From the entries below, write out exactly the lines between the line holding "INDIVIDUAL CONCERTS: £3.00 (no concessions)" and the line holding "Weinberg Style Mid", inclusive, excluding any pictures.

▶ _Material for the task_:
[Start of Attachment]

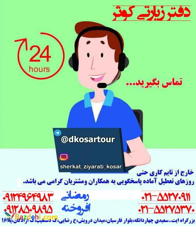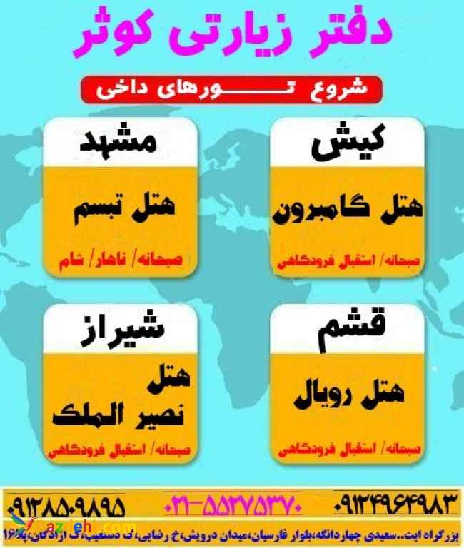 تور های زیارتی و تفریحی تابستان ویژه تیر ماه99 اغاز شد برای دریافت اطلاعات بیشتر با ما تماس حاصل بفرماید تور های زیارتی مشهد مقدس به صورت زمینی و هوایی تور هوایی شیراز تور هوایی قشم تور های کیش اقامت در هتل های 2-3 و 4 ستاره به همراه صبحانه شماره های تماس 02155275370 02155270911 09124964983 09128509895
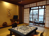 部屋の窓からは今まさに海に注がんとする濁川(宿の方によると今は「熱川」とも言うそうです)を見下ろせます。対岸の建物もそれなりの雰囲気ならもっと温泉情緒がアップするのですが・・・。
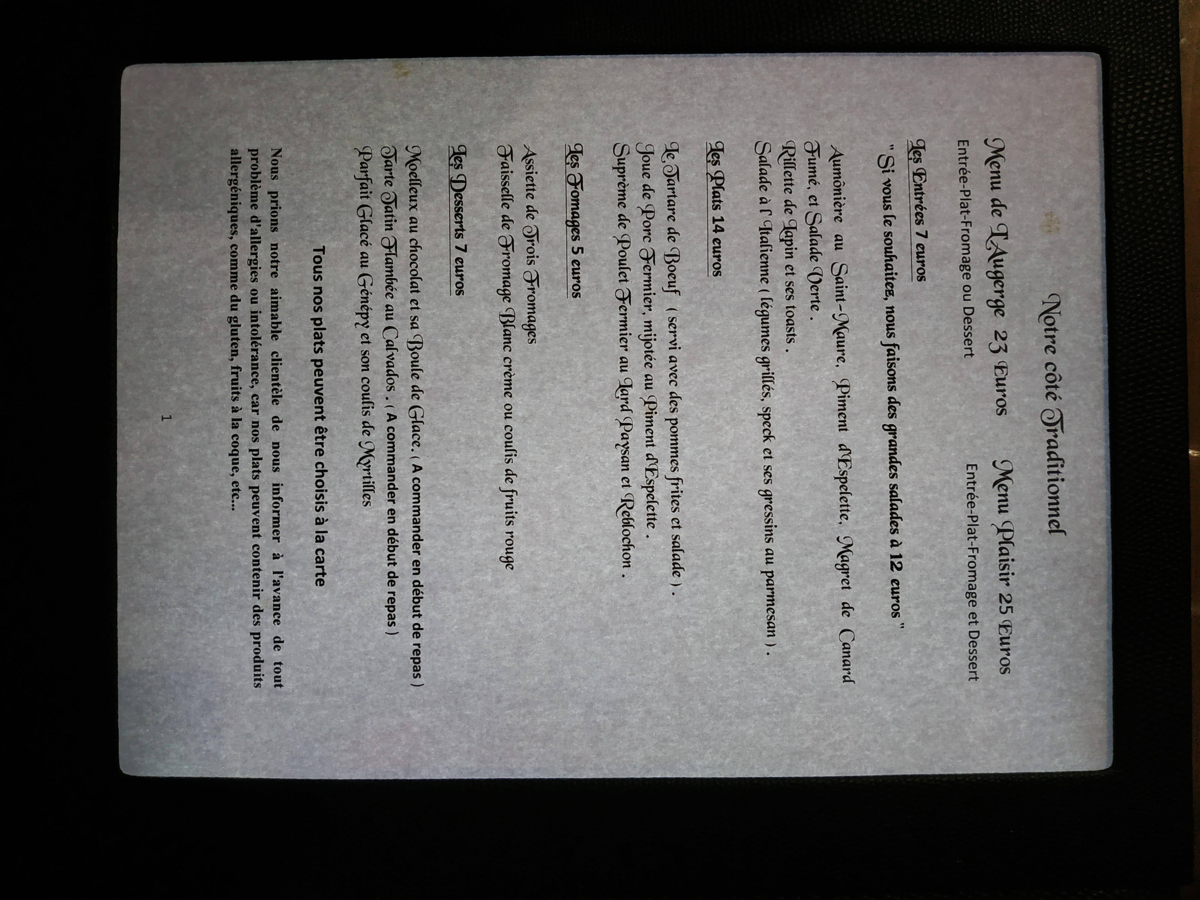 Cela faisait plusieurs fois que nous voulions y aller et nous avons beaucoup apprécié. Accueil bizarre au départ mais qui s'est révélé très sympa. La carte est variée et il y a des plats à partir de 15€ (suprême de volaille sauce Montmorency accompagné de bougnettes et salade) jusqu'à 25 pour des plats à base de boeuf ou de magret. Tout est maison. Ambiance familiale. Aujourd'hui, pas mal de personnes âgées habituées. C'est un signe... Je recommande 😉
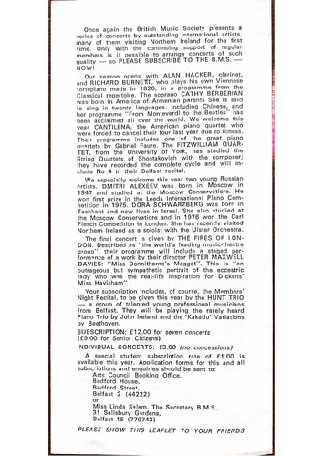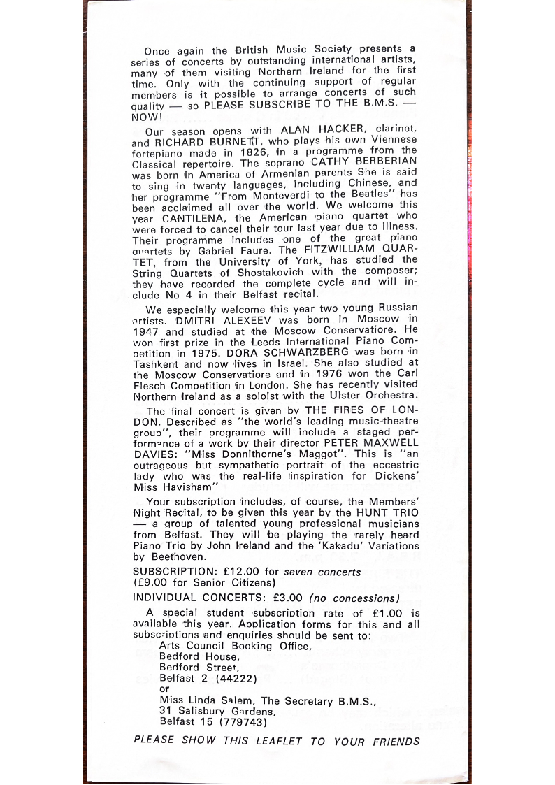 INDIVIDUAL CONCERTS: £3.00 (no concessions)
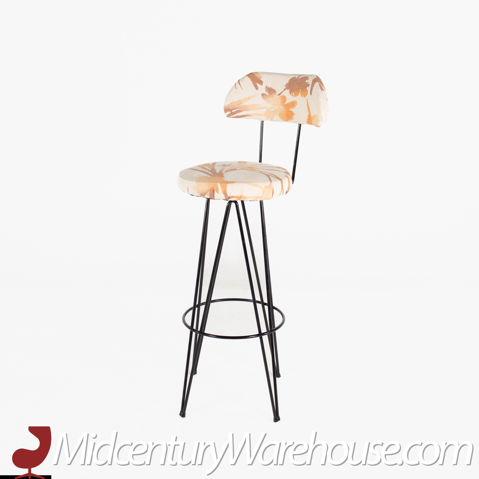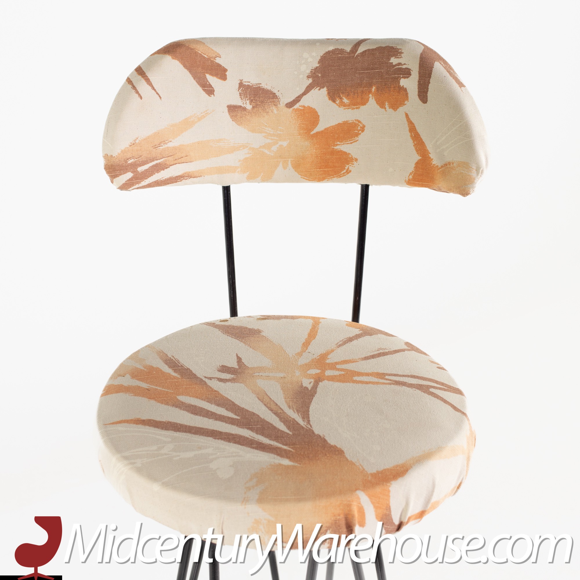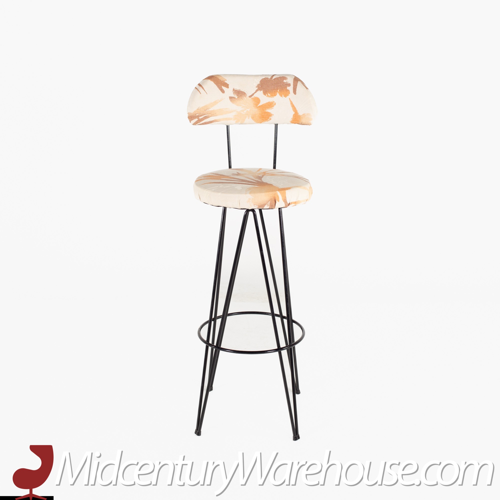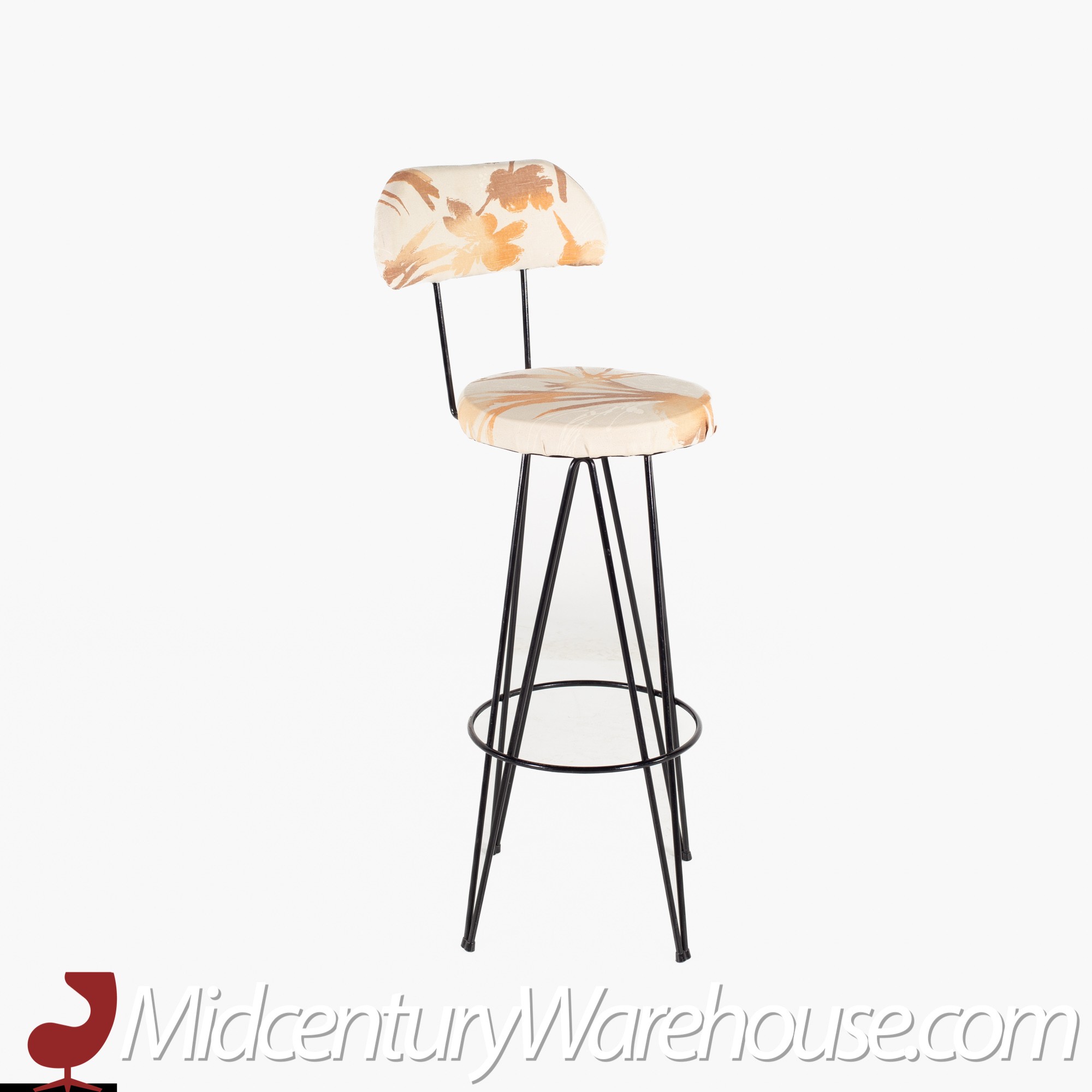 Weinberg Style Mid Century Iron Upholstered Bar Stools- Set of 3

[End of Attachment]
[Start of Attachment]

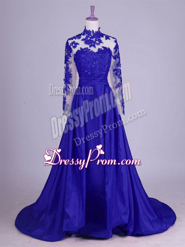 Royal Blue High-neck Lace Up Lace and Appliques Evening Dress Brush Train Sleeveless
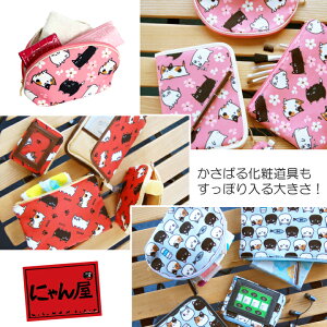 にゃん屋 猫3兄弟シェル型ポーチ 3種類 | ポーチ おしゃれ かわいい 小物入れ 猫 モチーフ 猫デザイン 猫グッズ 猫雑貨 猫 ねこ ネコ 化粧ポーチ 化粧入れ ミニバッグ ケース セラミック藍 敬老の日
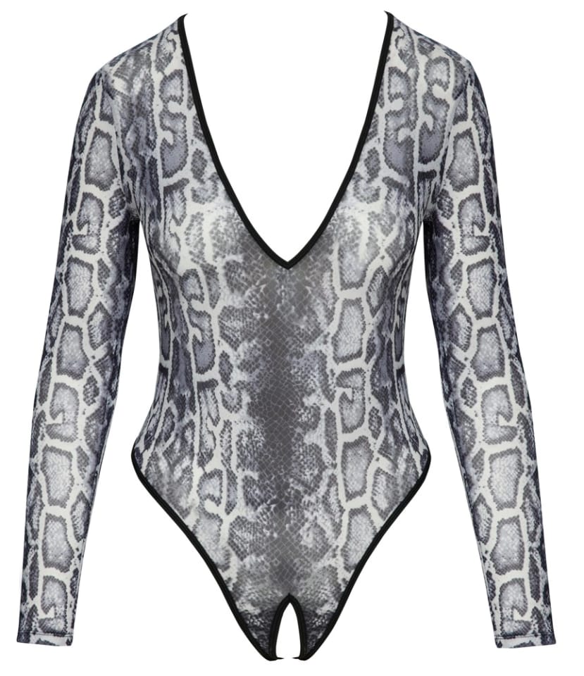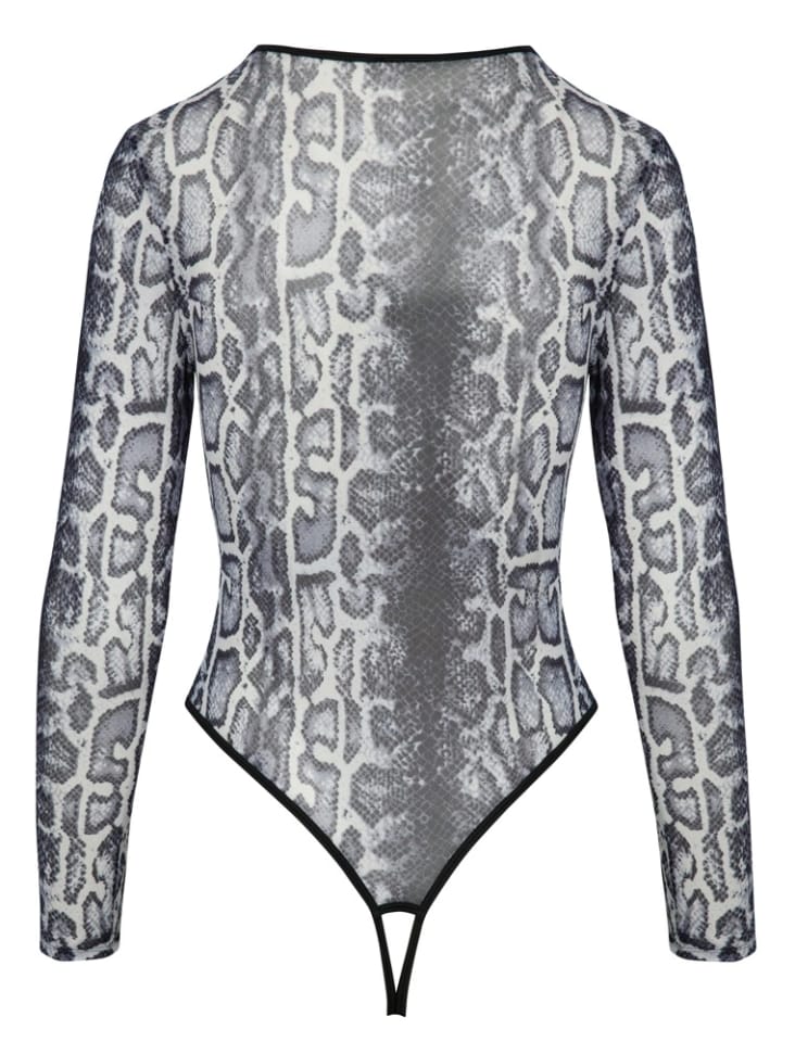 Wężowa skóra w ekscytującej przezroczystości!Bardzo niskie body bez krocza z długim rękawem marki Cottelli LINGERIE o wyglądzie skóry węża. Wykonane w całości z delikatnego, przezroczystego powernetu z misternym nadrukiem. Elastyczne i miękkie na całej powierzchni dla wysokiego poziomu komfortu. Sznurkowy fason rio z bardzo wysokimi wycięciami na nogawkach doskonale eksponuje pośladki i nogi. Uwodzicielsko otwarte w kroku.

[End of Attachment]

▶ _Solution to this task_:
 INDIVIDUAL CONCERTS: £3.00 (no concessions)
 Weinberg Style Mid Century Iron Upholstered Bar Stools- Set of 3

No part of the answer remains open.